»»

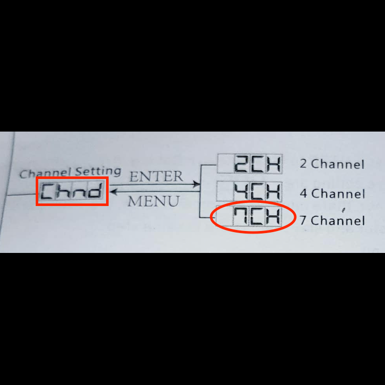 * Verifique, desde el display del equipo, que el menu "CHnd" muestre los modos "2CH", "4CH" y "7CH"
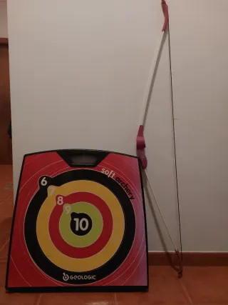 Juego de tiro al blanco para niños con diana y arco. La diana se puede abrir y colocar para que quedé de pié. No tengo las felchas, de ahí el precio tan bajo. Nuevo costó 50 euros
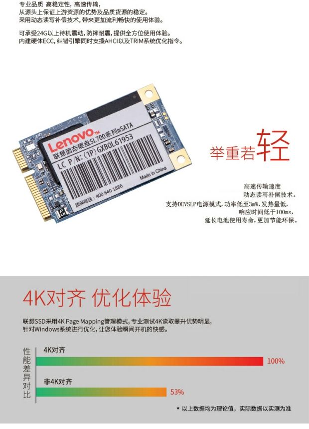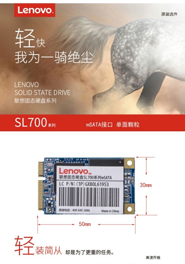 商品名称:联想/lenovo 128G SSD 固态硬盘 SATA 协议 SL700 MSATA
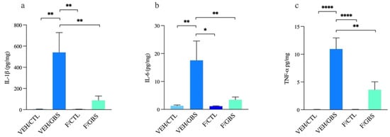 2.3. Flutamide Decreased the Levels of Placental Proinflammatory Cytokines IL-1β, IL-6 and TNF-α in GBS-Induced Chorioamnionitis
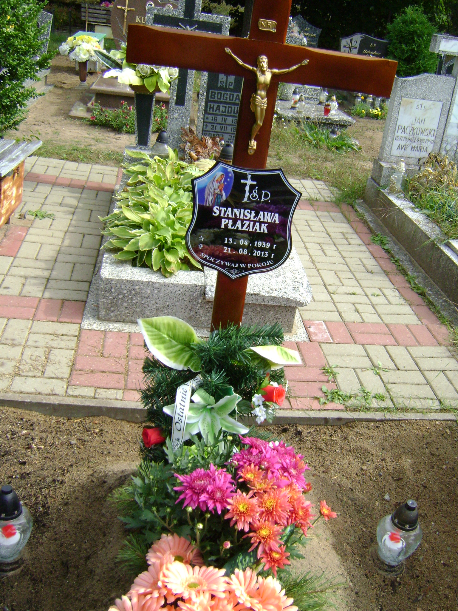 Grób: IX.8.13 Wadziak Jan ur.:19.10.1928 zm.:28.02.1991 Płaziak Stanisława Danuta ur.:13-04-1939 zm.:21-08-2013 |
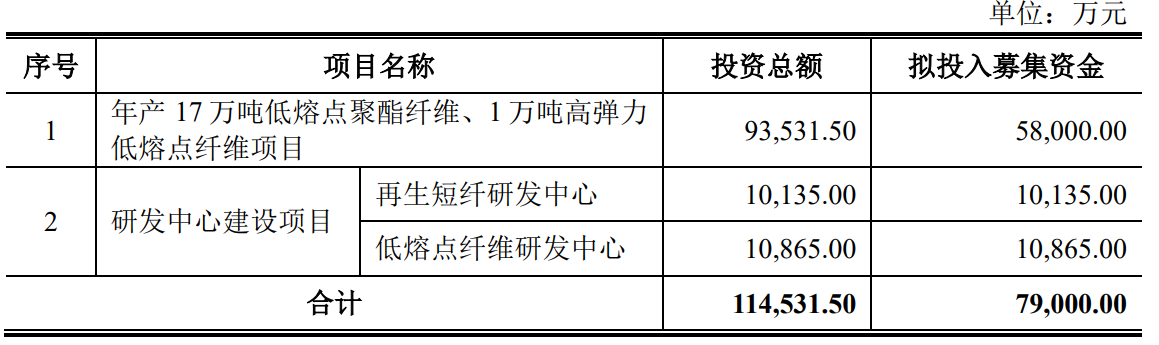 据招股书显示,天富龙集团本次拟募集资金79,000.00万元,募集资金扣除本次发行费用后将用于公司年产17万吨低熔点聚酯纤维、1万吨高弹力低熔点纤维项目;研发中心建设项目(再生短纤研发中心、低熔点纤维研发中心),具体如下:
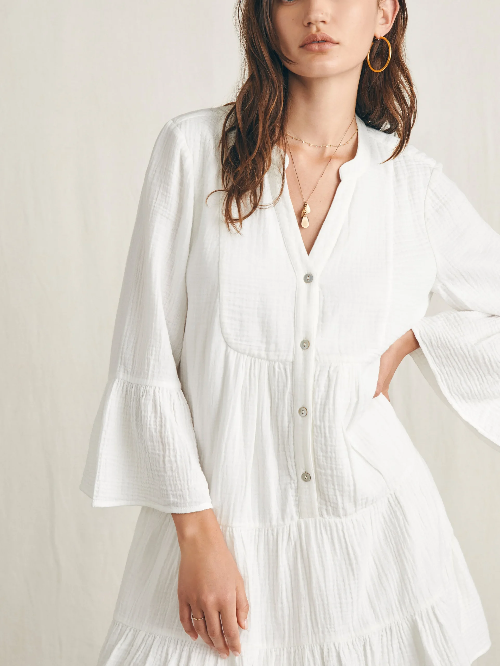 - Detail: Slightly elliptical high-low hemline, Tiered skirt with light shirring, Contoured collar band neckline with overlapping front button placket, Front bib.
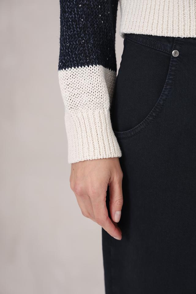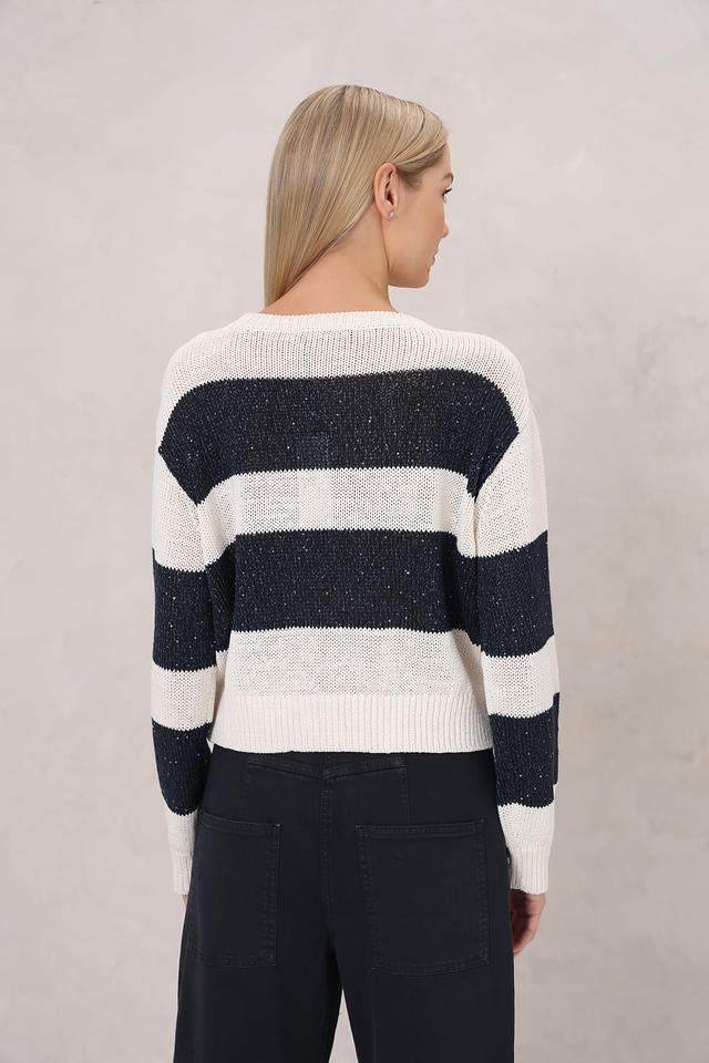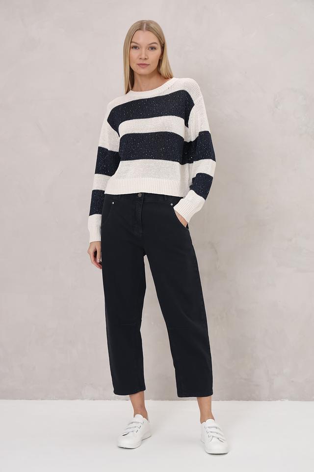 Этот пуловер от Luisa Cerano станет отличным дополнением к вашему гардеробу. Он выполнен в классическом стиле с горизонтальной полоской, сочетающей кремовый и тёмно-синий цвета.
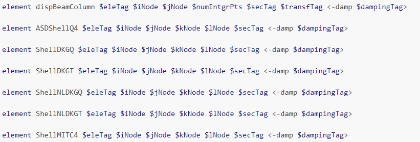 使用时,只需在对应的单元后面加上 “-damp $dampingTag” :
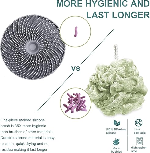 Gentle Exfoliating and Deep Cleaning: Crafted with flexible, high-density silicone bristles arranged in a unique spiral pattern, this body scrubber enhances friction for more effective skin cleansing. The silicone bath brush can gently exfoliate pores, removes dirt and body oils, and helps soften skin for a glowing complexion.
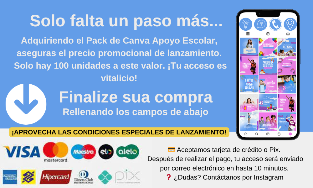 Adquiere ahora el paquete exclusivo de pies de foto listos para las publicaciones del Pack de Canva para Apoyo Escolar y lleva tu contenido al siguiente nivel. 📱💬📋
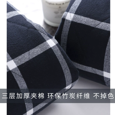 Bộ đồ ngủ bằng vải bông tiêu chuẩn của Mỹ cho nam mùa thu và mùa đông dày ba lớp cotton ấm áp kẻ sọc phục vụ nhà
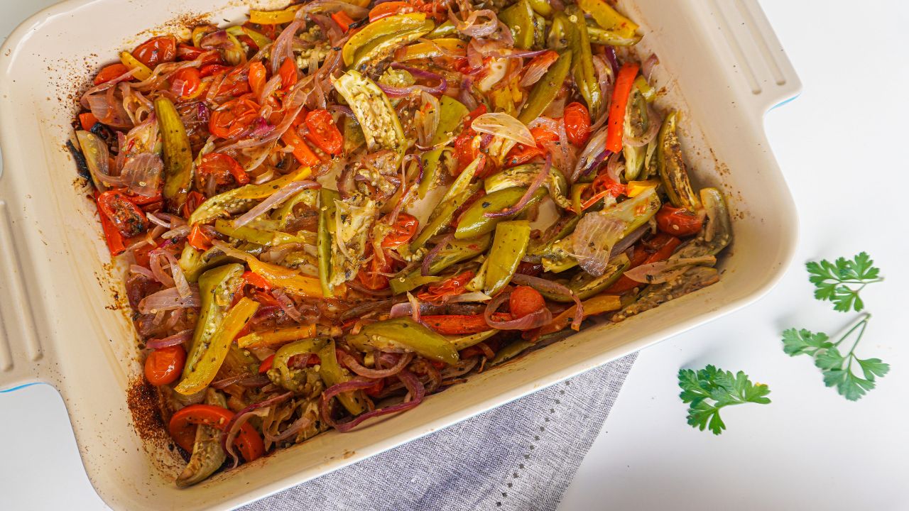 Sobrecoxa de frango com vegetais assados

««

WHAT IS BEING ASKED: Please repeat the lines above from the line containing "Juego de tiro" through the final line, both included, exactly as they stand and without pictures.

RESPONSE AREA:
 Juego de tiro al blanco para niños con diana y arco. La diana se puede abrir y colocar para que quedé de pié. No tengo las felchas, de ahí el precio tan bajo. Nuevo costó 50 euros
 商品名称:联想/lenovo 128G SSD 固态硬盘 SATA 协议 SL700 MSATA
 2.3. Flutamide Decreased the Levels of Placental Proinflammatory Cytokines IL-1β, IL-6 and TNF-α in GBS-Induced Chorioamnionitis
 Grób: IX.8.13 Wadziak Jan ur.:19.10.1928 zm.:28.02.1991 Płaziak Stanisława Danuta ur.:13-04-1939 zm.:21-08-2013 |
 据招股书显示,天富龙集团本次拟募集资金79,000.00万元,募集资金扣除本次发行费用后将用于公司年产17万吨低熔点聚酯纤维、1万吨高弹力低熔点纤维项目;研发中心建设项目(再生短纤研发中心、低熔点纤维研发中心),具体如下:
 - Detail: Slightly elliptical high-low hemline, Tiered skirt with light shirring, Contoured collar band neckline with overlapping front button placket, Front bib.
 Этот пуловер от Luisa Cerano станет отличным дополнением к вашему гардеробу. Он выполнен в классическом стиле с горизонтальной полоской, сочетающей кремовый и тёмно-синий цвета.
 使用时,只需在对应的单元后面加上 “-damp $dampingTag” :
 Gentle Exfoliating and Deep Cleaning: Crafted with flexible, high-density silicone bristles arranged in a unique spiral pattern, this body scrubber enhances friction for more effective skin cleansing. The silicone bath brush can gently exfoliate pores, removes dirt and body oils, and helps soften skin for a glowing complexion.
 Adquiere ahora el paquete exclusivo de pies de foto listos para las publicaciones del Pack de Canva para Apoyo Escolar y lleva tu contenido al siguiente nivel. 📱💬📋
 Bộ đồ ngủ bằng vải bông tiêu chuẩn của Mỹ cho nam mùa thu và mùa đông dày ba lớp cotton ấm áp kẻ sọc phục vụ nhà
 Sobrecoxa de frango com vegetais assados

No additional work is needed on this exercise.